We have been on a lot of mad rides this trip, on winding mountain roads and through congested cities, even on other matatus, but never have we been so afraid as we were here. An overloaded, badly maintained minibus, on a road with lots of bad drivers and cattle wandering alongside it. This could end very badly. We decided that we would get off and find another matatu and asked the conductor to let us off. He either didn't understand or more likely, feigned ignorance. Next, we called the driver to stop. Nothing happened. Then we called, or yelled rather, again, louder and louder, and now the other passengers were calling as well, trying to help us. Desperate to keep us (and our money) onboard, the driver didn't stop but he did slow down. Another passenger told us he also wanted off as he thought it too unsafe, and he suggested to get out in the next town, where we would have a better chance of getting a different matatu.

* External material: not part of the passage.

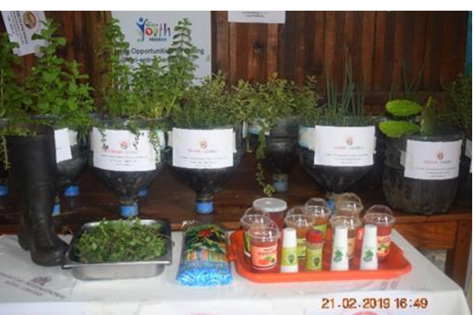
Some of the value added products by the youth from Kasese district for funding support.

For the rest of the drive, the speed was more reasonable, even if we had to call out once or twice more. We ended up staying on the matatu all the way to Mbarara where we intended to get a bus to Kampala. By then our Ugandan friend on the matatu was in fierce discussion with the driver and conductor. He later told us that they refused to take us to the place where the buses departed from, as they were adamant to get the two "mizungus" onboard their friend's matatu which was going to Kampala. When we got out, we waited for our friend as we were surrounded by hawkers. When he left with us, one man walked alongside our friend and shouted angrily in the local language. The only words we could hear was "mizungo, mizungu!!!". He told us later that they were angry that he "took those white people away!!". Thanks to our new friend, we found our way to the much more comfortable, and let's not forget safe, bus and arrived to Kampala in one piece.
As for our hotel at Lake Bunyonyi, we can only hope that some guests have turned up to replace us!